A pint of cider and a couple of tabs, someone would have a big row and split, only for a new couple to emerge from the ashes the next day,’ I recall wistfully.
‘Yeah, Georgie and Dan were always breaking up and making up. Then there was the time he and Daisy got together without Georgie knowing. She was so angry.’
This is a surprise to me. ‘I bet Georgie was raging, but I didn’t realise Daisy and Dan ... ?’
‘Yeah, just before she died.’
‘But ... I thought Daisy was seeing David Montgomery then?’
‘No ... I ... think she was seeing them both for a while, but she was definitely seeing Dan.’
‘How do you know?’
‘She told me.’
She never told me , but that was probably because we weren’t really talking by then. ‘I don’t remember this. I must have missed it in the fog of student weed. I thought she only had eyes for Professor M.’
‘I don’t know, she kept a lot to herself those last few months.’ Maddie pauses, as if she’s thinking, then says, ‘I think David Montgomery killed her because he loved her too much, and he didn’t want anyone else to have her.’
She makes it sound almost romantic with her dreamy faraway look.
‘My understanding from the trial was that Daisy was too much in love with him ,’ I say. ‘I mean, she sent his wife a letter telling her about the affair. I know Daisy denied it, but who else would do that?’
Maddie shrugs. ‘All I know is that David was angry about the letter. I think he broke up with her, and she started seeing Dan.’
‘That sounds like Daisy, but I just can’t imagine her with Dan. He was rich, but not very sophisticated back then – not compared to Professor Montgomery, anyway.’
‘I think Dan was there for her. She didn’t tell me much, but I remember seeing him sneak into her room once when Georgie was asleep, and when Georgie went home for weekends they’d spend a lot of time together.
I think Georgie must have found out, because she and Daisy stopped talking to each other.
’ Maddie leans closer to me and lowers her voice.
‘And then, a couple of nights before Daisy died, Georgie and Dan had this big row. There was only me at home, so they just let rip, they didn’t care that I heard it all.
Georgie was screaming at him – she said horrible things about Daisy. ’
‘Shit ... Did you ever tell the police?’
Maddie shakes her head.
‘That’s pretty damning, Maddie.

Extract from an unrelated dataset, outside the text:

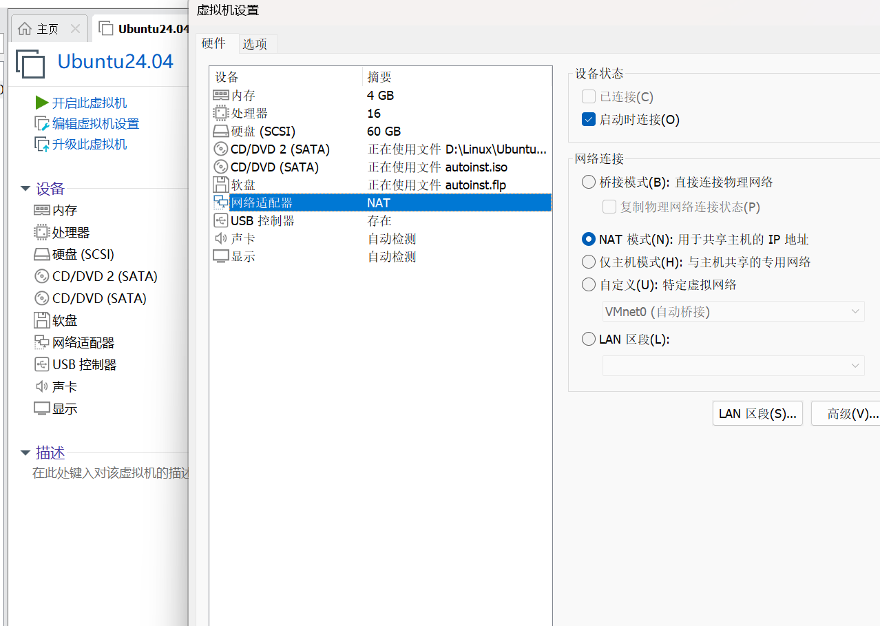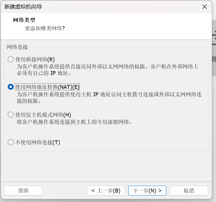 使用网络地址转换(NAT)(E):虚拟机借主机网络 “中转” 上网,共享主机的 IP 。无需手动配网络,装完系统一般就能直接连外网(走主机的 WiFi ),且外网设备没法直接访问虚拟机(保障一定安全性 )。日常大多数场景(像虚拟机装系统、跑程序、浏览网页等常规上网需求 )选它最省心,是默认且推荐的选项,你笔记本连 WiFi 时,选 NAT 模式基本能满足 “虚拟机上网” 需求,不用额外折腾网络配置。
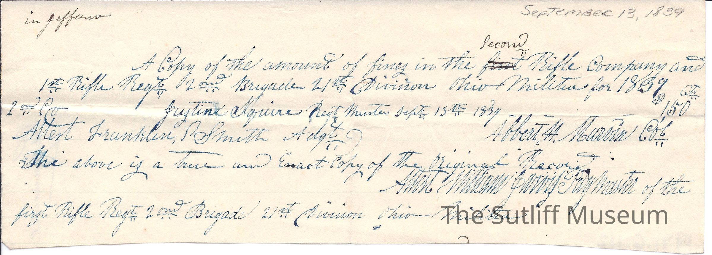 A record of fines imposed by a regiment of the Ohio Militia from Albert William Jarvis to Flavel Sutliff.

You should have told someone .’
‘Dan and Georgie were always arguing.’
‘Yeah, but if Georgie was saying terrible things about someone and a couple of nights later Daisy was dead ... I mean, that sounds like a motive.’ I make sure I say this loud enough for the recording.
‘There was no point telling anyone. It wouldn’t have changed anything.
’ She’s still talking quietly, but I’m sure the mic will pick it up.
Those two million armchair detectives will love this scoop.
‘Lots of people were angry with Daisy. That doesn’t change the fact that David Montgomery was the one who battered her head in with his own hammer that night. ’
She says this so matter-of-factly, I wonder if we’ve all become desensitised to murder?
But I’m still surprised that Dan and Daisy had a thing.
Daisy loved older men. Hearing about her and Dan makes me wonder what else I missed that was staring me in the face.
I’d hoped that this weekend I could lay some ghosts to rest, but all it’s done so far is open up the wound, and posed more questions.
And what’s fascinating and terrifying is that we all know different things about different people, and have different perspectives on what happened back then.
Having been apart for so long, we’re remembering things differently, and stuff is coming out that we didn’t all see before.
Perhaps that’s what the podcast keys into – it unlocks the past, releases the jumble of our memories into this confined space, and waits for the truth to emerge.